Other legal scholars such as Monica Gaudiosi, Gamal Moursi Badr and A. Hudson have argued that the English trust and agency institutions, which were introduced by Crusaders, may have been adapted from the Islamic Waqf and Hawala institutions they came across in the Middle East. Paul Brand notes parallels between the Waqf and the trusts used to establish Merton College by Walter de Merton, who had connections with the Knights Templar.

Early development
In 1276, the concept of "time immemorial" often applied in common law, was defined as being any time before 6 July 1189 (i.e. before Richard I's accession to the English throne).

Since 1189, English law has been a common law, not a civil law system.
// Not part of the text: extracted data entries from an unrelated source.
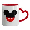 Mickey head, Κούπα καρδιά χερούλι κόκκινη, κεραμική, 330ml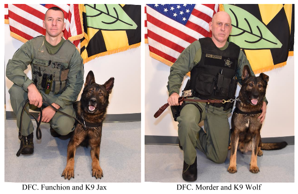 Prince Frederick, MD – Calvert County Sheriff’s Office K9’s Jax & Wolf will receive bullet and stab protective vests thanks to a charitable donation from non-profit organization Vested Interest in K9s, Inc. K9 Jax & Wolf’s vests are sponsored by Friends of Dogwood Acres Pet Retreat of Davidsonville, MD and will be embroidered with the sentiment “Gifted by Friends of Dogwood Acres Pet Retreat”. Delivery is expected within eight to ten weeks.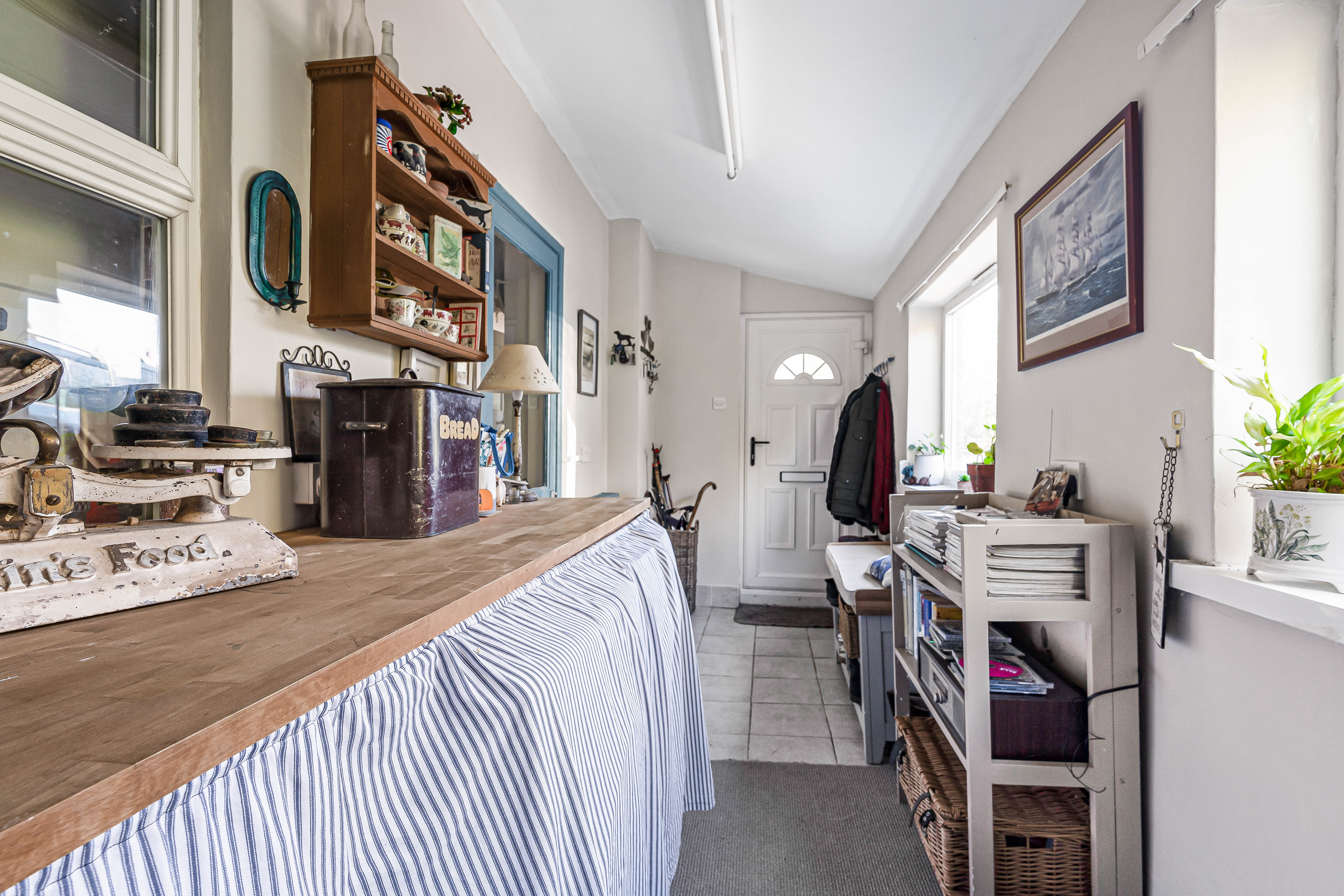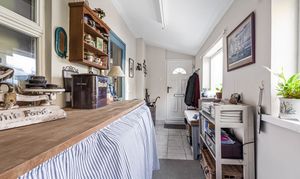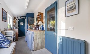 Rear entrance porch/utility with a door and two windows to the rear, ceramic tiled floor, door to the side garden. Door to a handy cloakroom.

In other words, no comprehensive codification of the law has taken place and judicial precedents are binding as opposed to persuasive. This may be a legacy of the Norman conquest of England, when a number of legal concepts and institutions from Norman law were introduced to England. 

In the early centuries of English common law, the justices and judges were responsible for adapting the system of writs to meet everyday needs, applying a mixture of precedent and common sense to build up a body of internally consistent law. An example is the Law Merchant derived from the "Pie-Powder" Courts, named from a corruption of the French pieds-poudrés ("dusty feet") implying ad hoc marketplace courts.
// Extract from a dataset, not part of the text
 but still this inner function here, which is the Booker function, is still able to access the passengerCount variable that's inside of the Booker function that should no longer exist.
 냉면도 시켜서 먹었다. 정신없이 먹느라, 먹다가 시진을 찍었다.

Following Montesquieu's theory of the "separation of powers", only Parliament has the power to legislate. If a statute is ambiguous, then the courts have exclusive power to decide its true meaning, using the principles of statutory interpretation. Since the courts have no authority to legislate, the "legal fiction" is that they "declare" (rather than "create") the common law. The House of Lords took this "declaratory power" a stage further in DPP v Shaw, where, in creating the new crime of "conspiracy to corrupt public morals", Viscount Simonds claimed the court had a "residual power to protect the moral welfare of the state". As Parliament became ever more established and influential, Parliamentary legislation gradually overtook judicial law-making, such that today's judges are able to innovate only in certain, very narrowly defined areas.

Overseas influences

Reciprocity
England exported its common law and statute law to most parts of the British Empire. Many aspects of that system have survived after Independence from British rule, and the influences are often reciprocal. "English law" prior to the American Revolutionary Wars (American War of Independence) is still an influence on United States law, and provides the basis for many American legal traditions and principles.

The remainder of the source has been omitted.